▶

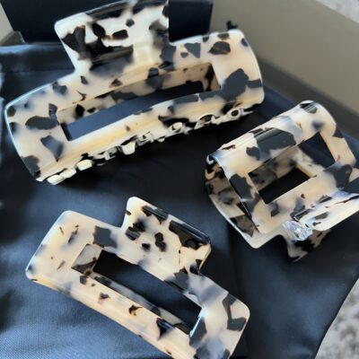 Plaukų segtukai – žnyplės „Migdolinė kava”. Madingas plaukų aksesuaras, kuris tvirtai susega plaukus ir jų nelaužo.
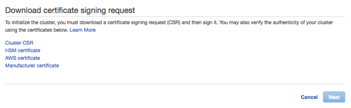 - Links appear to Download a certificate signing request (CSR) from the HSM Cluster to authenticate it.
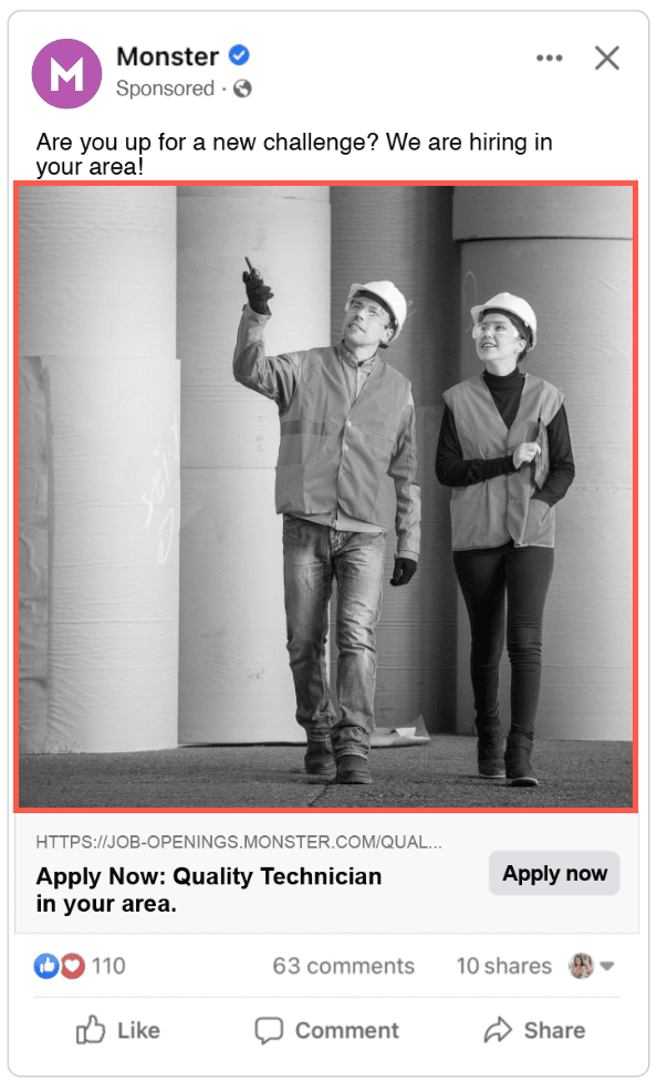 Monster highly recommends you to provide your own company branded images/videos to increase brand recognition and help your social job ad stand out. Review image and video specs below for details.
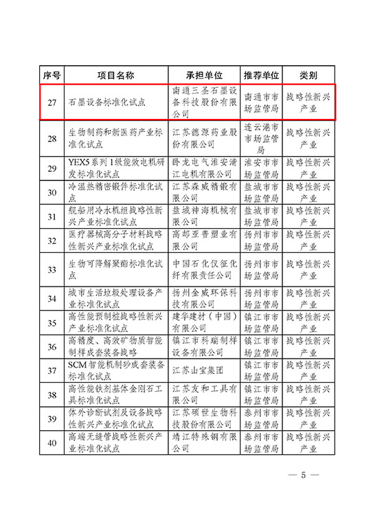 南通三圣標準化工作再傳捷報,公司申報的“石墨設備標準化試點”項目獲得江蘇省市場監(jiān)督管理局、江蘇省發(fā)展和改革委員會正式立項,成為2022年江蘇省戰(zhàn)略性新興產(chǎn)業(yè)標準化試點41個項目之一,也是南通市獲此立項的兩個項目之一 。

◀

Prompt: Without the pictures, set down the lines above from the line with "- Links appear" up to and including the line with "Monster highly recommends" exactly as they stand.

Written response:
 - Links appear to Download a certificate signing request (CSR) from the HSM Cluster to authenticate it.
 Monster highly recommends you to provide your own company branded images/videos to increase brand recognition and help your social job ad stand out. Review image and video specs below for details.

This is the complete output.